Jakarta, tvOnenews.com - Kepala Kantor Wilayah Kementerian Agama Provinsi Jawa Barat, Dudu Rohman, memberikan apresiasi tinggi terhadap terobosan Pemerintah Provinsi Jawa Barat di bawah kepemimpinan Gubernur Dedi Mulyadi (KDM) dalam memperkuat layanan keagamaan.
Fokus utama kerja sama ini adalah pembenahan fasilitas pernikahan di berbagai daerah agar lebih layak dan memudahkan masyarakat.
Dukungan tersebut disampaikan Dudu saat menghadiri Musyawarah Perencanaan Pembangunan (Musrenbang) RKPD Jawa Barat di Bale Pakuan, Bandung, Rabu (15/4).
Ia menilai rencana penyediaan aula akad nikah di setiap kabupaten/kota sebagai langkah nyata untuk mendongkrak kualitas layanan Kantor Urusan Agama (KUA).
“Kami menyambut baik program Bapak Gubernur dalam memenuhi kebutuhan masyarakat terhadap layanan keagamaan, khususnya ibadah nikah.

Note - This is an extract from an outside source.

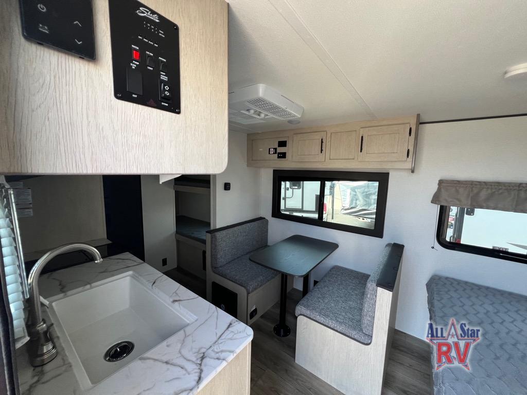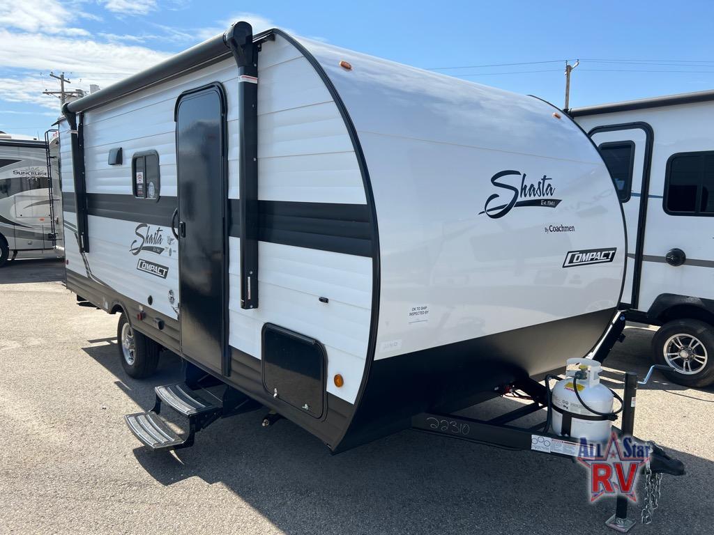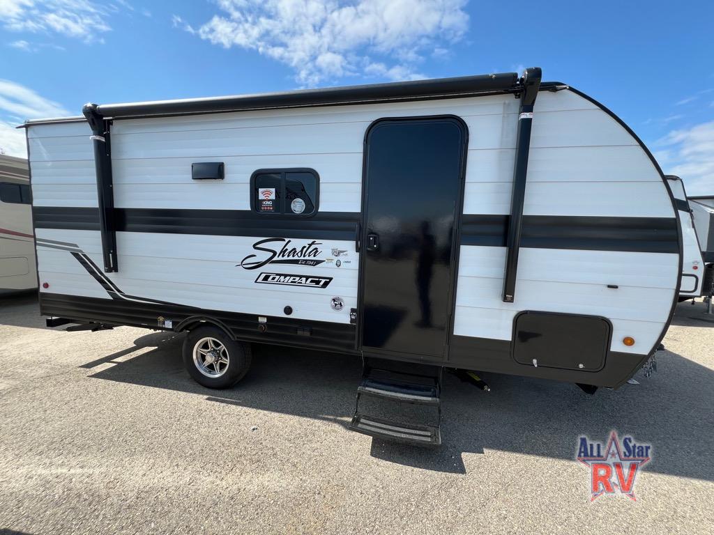 With any Compact travel trailer by Shasta RVs, you will enjoy the camping lifestyle in an easy-to-tow, lightweight unit! Each model includes four stabilizer jacks to keep your travel trailer secure at the campground, plus solar and back-up camera prep for off-grid capabilities and the option to make parking easier. An optional power tongue jack can be added for more convenience, as well as optional aluminum wheels and an optional spare tire and carrier. You will appreciate having a Tire Pressure Monitoring System onboard, along with a gas/electric DSI water heater and a 13.5 BTU A/C to keep you cool on hot summer camping days. The interior of each Compact travel trailer includes seamless countertops, kitchen and bath amenities, a Bluetooth portable speaker, plus storage space for all your belongings.

Ini menjadi upaya konkret dalam mendorong peningkatan kualitas layanan KUA di Jawa Barat,” ujar Dudu dikutip dari laman jabar.kemenag.go.id.
Langkah ini dianggap sangat krusial mengingat kondisi fisik ratusan KUA di Jawa Barat saat ini cukup memprihatinkan.
Data mencatat dari 626 KUA yang ada, 198 unit mengalami rusak ringan dan 113 unit lainnya rusak berat.
Selain masalah fisik, status kepemilikan lahan KUA pun masih banyak yang belum bersertifikat atau berstatus sewa dan wakaf.
“Kondisi ini menunjukkan perlunya penguatan sarana dan prasarana KUA agar pelayanan kepada masyarakat dapat semakin optimal,” tutur Dudu.
Apalagi, angka pernikahan di Jawa Barat sangat fantastis. Sepanjang tahun 2025 saja, tercatat ada 292.112 peristiwa nikah. Namun, mayoritas masyarakat (lebih dari 234 ribu pasangan) memilih menikah di luar KUA.
Diharapkan dengan adanya aula nikah yang indah dan mengusung kearifan lokal, minat masyarakat untuk menikah di KUA akan meningkat.
“Dengan fasilitas yang memadai, masyarakat tidak perlu lagi mengeluarkan biaya tambahan untuk menyewa tempat. Ini tentu menjadi solusi, terutama bagi masyarakat dengan keterbatasan ekonomi,” tambahnya.
Dudu juga kembali mengingatkan bahwa menikah di KUA pada hari kerja sama sekali tidak dipungut biaya (gratis).
Sebaliknya, jika menikah di luar kantor atau pada hari libur, masyarakat diwajibkan membayar PNBP sebesar Rp600.000 ke kas negara.